**Exercise requirements**. Transcribe the entries below exactly from their first line through the line containing "誘捕者暱稱: 梁仕宏 性別: 母", and let no picture into the copy.
=== Begin Enclosure ===
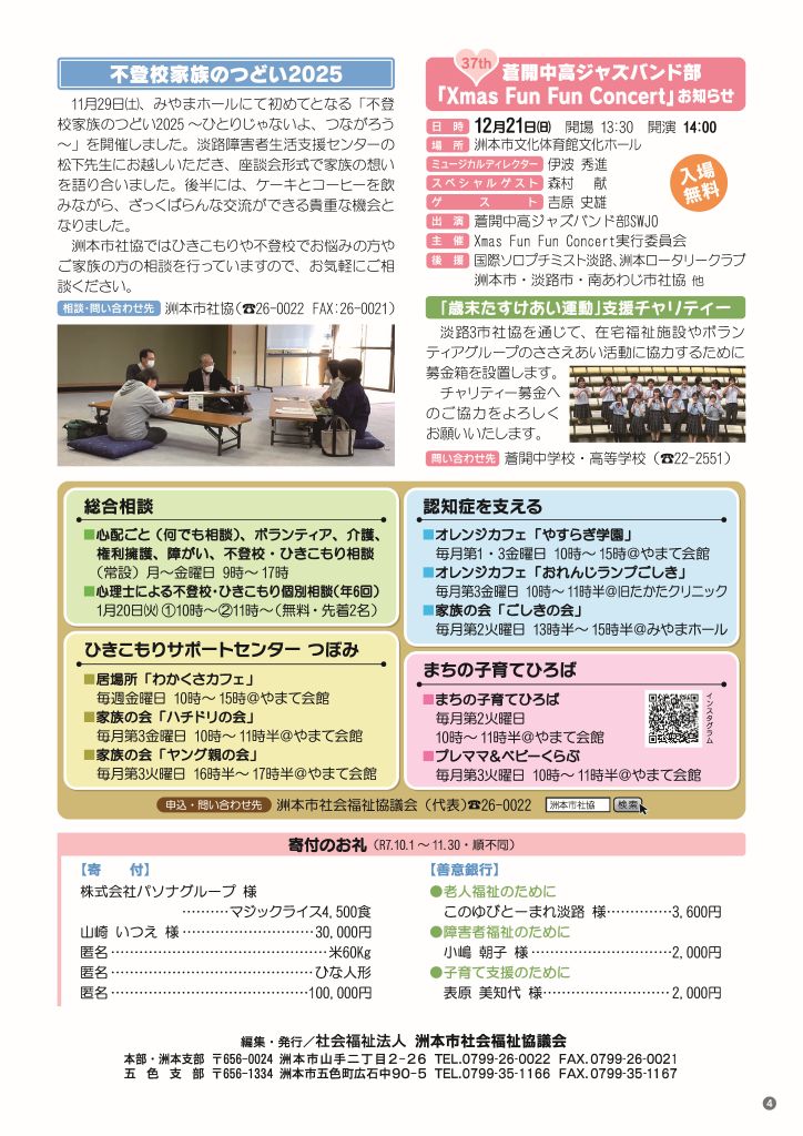 洲本市社会福祉協議会では、毎月15日に広報紙を作成し、町内会のご協力により市内全戸配布しています。
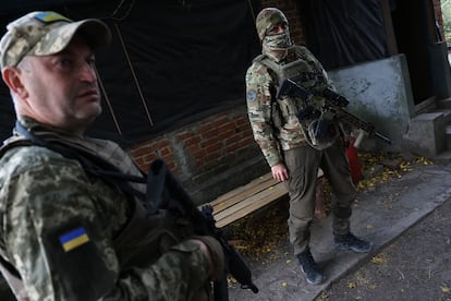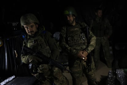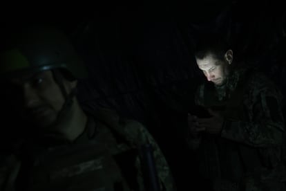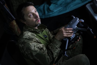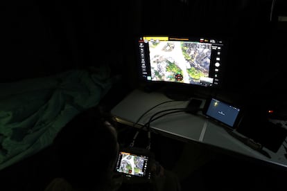 Diesel (nombre de guerra), de 47 años, y sus compañeros del 151º Batallón, han acudido en algunas ocasiones hasta las coordenadas que les ofrecen sus compañeros que peinan el cielo con las cámaras de los drones. Pero afirman que las misiones son muy peligrosas porque los rusos también controlan el espacio con sus equipos. “Entrar ahora en la ciudad es muy complicado”, reconoce este soldado de dimensiones enormes que se cubre el rostro como condición para ser fotografiado.
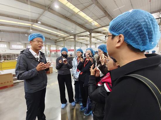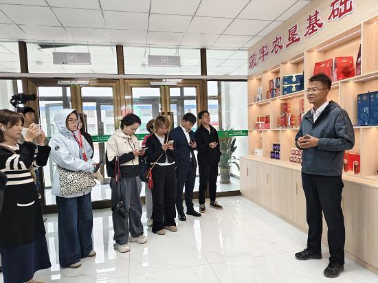格尔木农垦(集团)有限公司格尔木特色生物产业园副主任邢亮德向大家介绍枸杞产品(刘彩荣 摄)
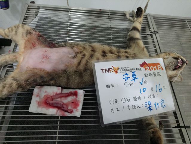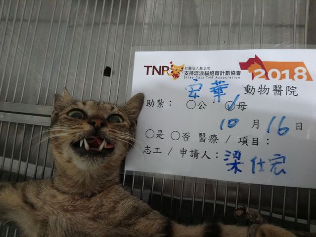 誘捕者暱稱: 梁仕宏 性別: 母 花色: 虎斑 誘捕地點: 高雄市大寮區永芳路 結紮醫院: 安華動物醫院 結紮費用: 1200 助紮者: 已付款:Domino Leex1, ciax1, 平x1, Shandix1 額外醫療費用申請: 特別說明與誘捕心情: 昨天到永芳路另一處的空地誘捕,協助我的女學生小筑已到場等我,這邊的貓咪除了她餵食外,也有一位在這餵食已有數年的大姐到場。這邊的貓咪聽到牠們的機車聲才陸續出來吃飯。她們將貓咪引誘出來後,我在適合的地點架籠,不過牠們的警覺心較空屋那邊的貓咪為高,所以剛開始並不敢主動接近籠,於是我們先往前去另一處放飼料,耐心等待約十幾分鐘後,這隻虎斑才慢慢地靠近籠吃罐頭,順利將她誘捕到。
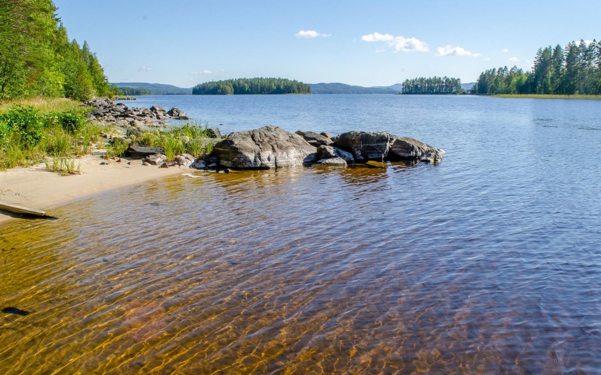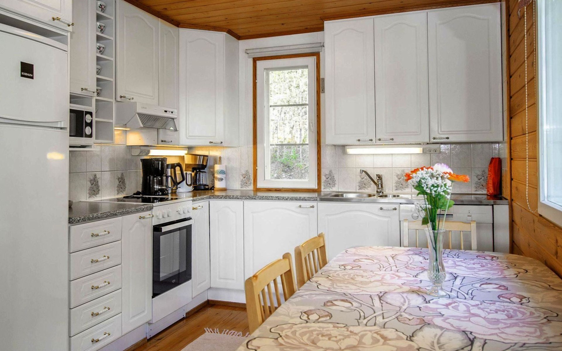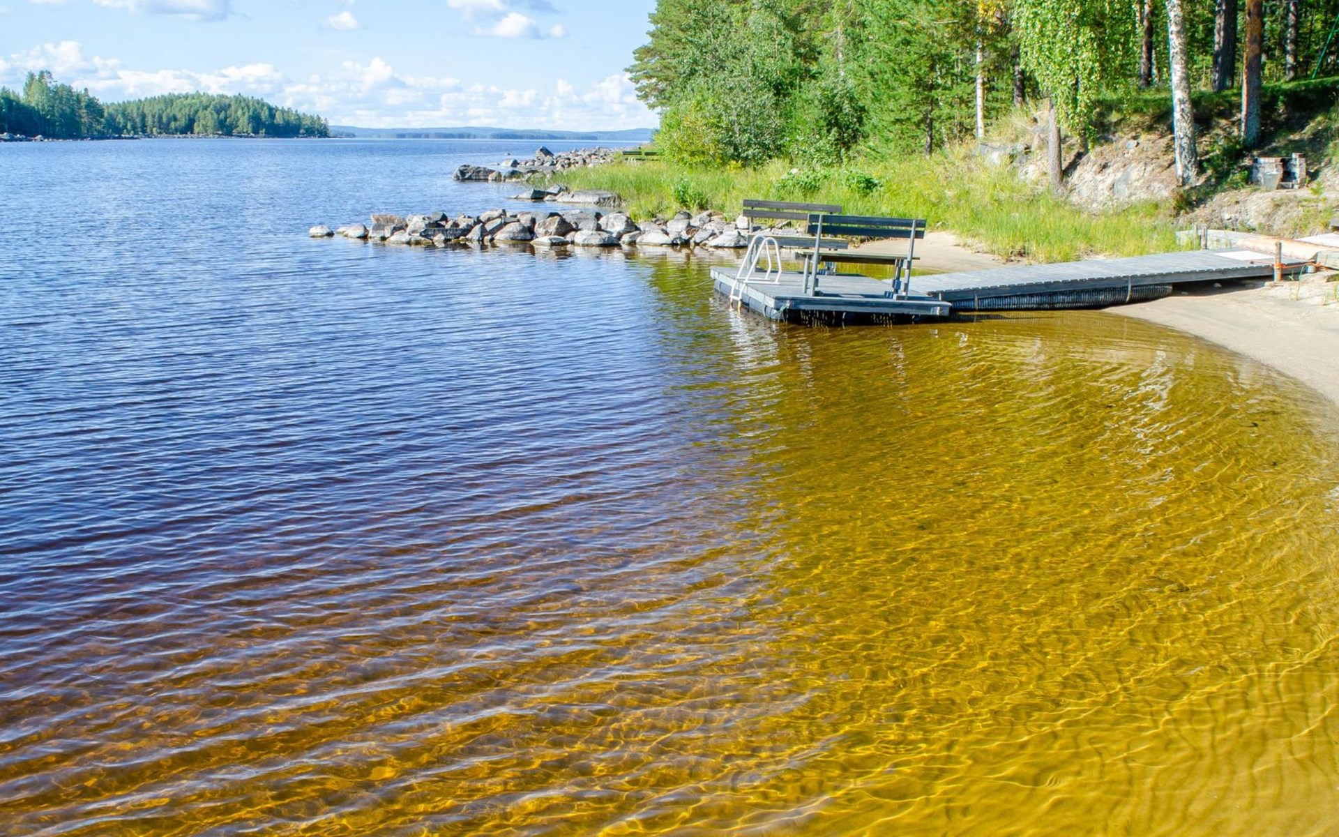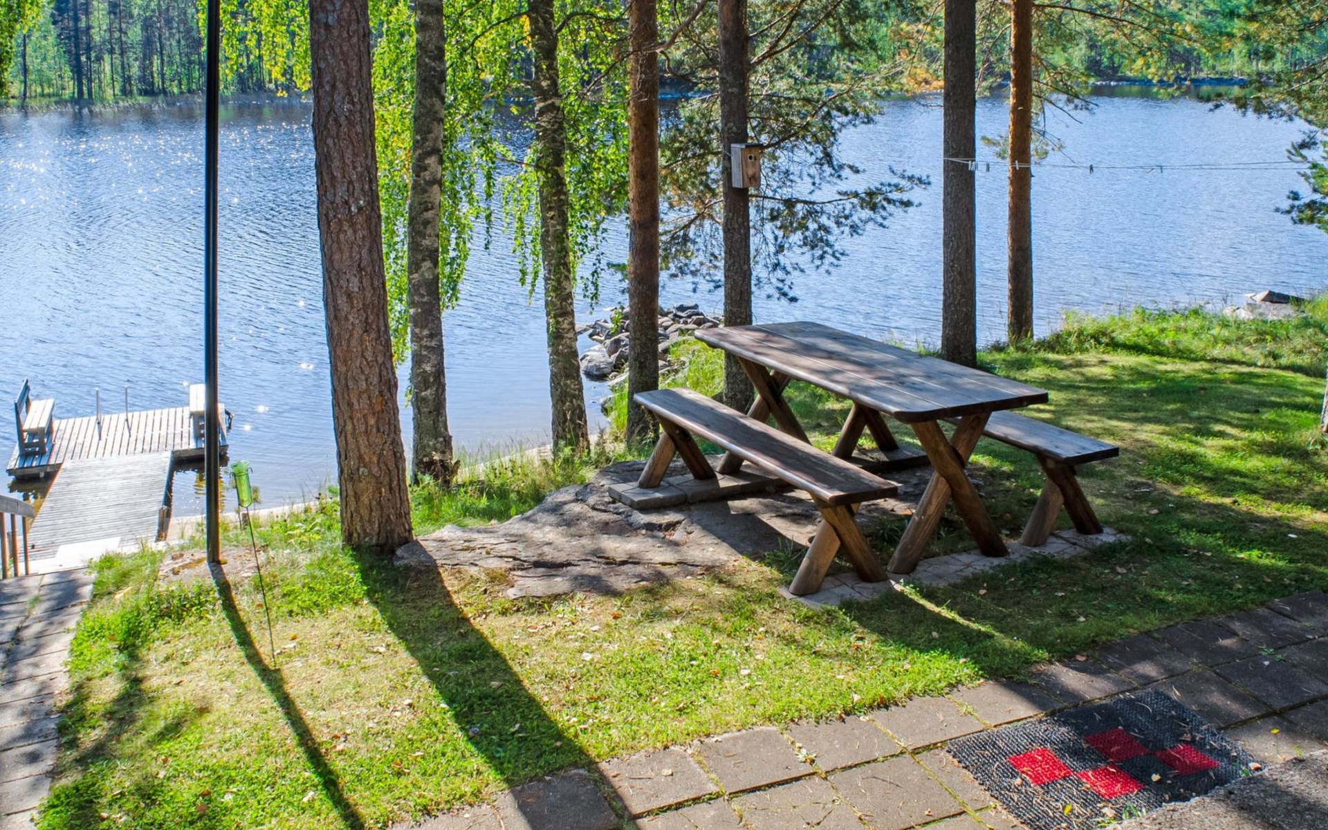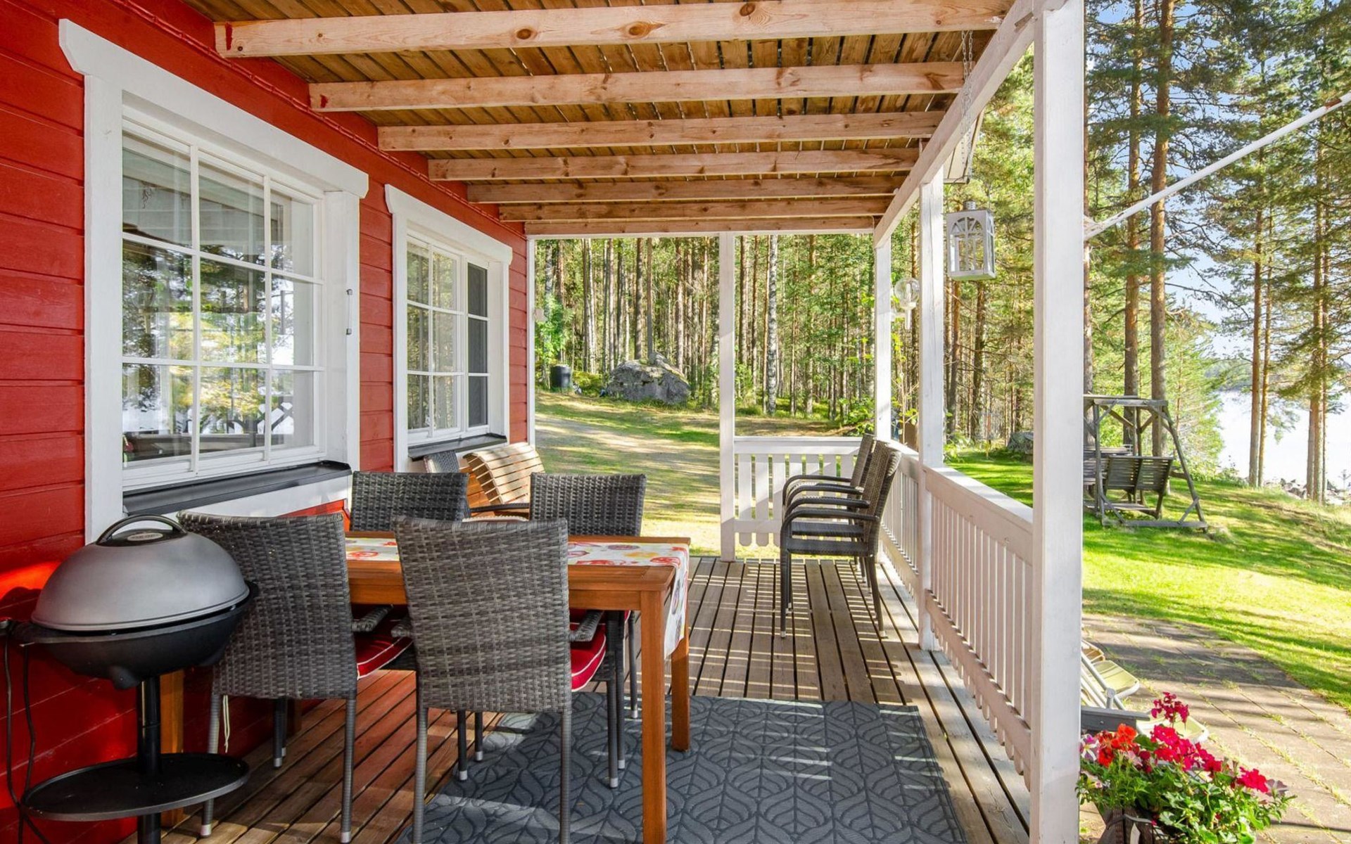 106 m2 cottage by lake Pielinen in Hattusaari for max 8 persons, totally 2 bed rooms. Bedroom downstairs with double bed, sleeping gallery (3 beds); bedroom upstairs with sliding door (2 beds + 120 cm bed), kitchen, living room, toilet, changing room, washroom with underfloor heating, sauna with electric stone. Outdoor grill and swing in the yard.
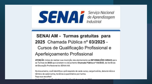 Mais informações, incluindo a lista completa de cursos e horários, podem ser acompanhadas pelas redes sociais do SENAI Amazonas e site
=== End Enclosure ===
**Your solution**.
 洲本市社会福祉協議会では、毎月15日に広報紙を作成し、町内会のご協力により市内全戸配布しています。
 Diesel (nombre de guerra), de 47 años, y sus compañeros del 151º Batallón, han acudido en algunas ocasiones hasta las coordenadas que les ofrecen sus compañeros que peinan el cielo con las cámaras de los drones. Pero afirman que las misiones son muy peligrosas porque los rusos también controlan el espacio con sus equipos. “Entrar ahora en la ciudad es muy complicado”, reconoce este soldado de dimensiones enormes que se cubre el rostro como condición para ser fotografiado.
格尔木农垦(集团)有限公司格尔木特色生物产业园副主任邢亮德向大家介绍枸杞产品(刘彩荣 摄)
 誘捕者暱稱: 梁仕宏 性別: 母 花色: 虎斑 誘捕地點: 高雄市大寮區永芳路 結紮醫院: 安華動物醫院 結紮費用: 1200 助紮者: 已付款:Domino Leex1, ciax1, 平x1, Shandix1 額外醫療費用申請: 特別說明與誘捕心情: 昨天到永芳路另一處的空地誘捕,協助我的女學生小筑已到場等我,這邊的貓咪除了她餵食外,也有一位在這餵食已有數年的大姐到場。這邊的貓咪聽到牠們的機車聲才陸續出來吃飯。她們將貓咪引誘出來後,我在適合的地點架籠,不過牠們的警覺心較空屋那邊的貓咪為高,所以剛開始並不敢主動接近籠,於是我們先往前去另一處放飼料,耐心等待約十幾分鐘後,這隻虎斑才慢慢地靠近籠吃罐頭,順利將她誘捕到。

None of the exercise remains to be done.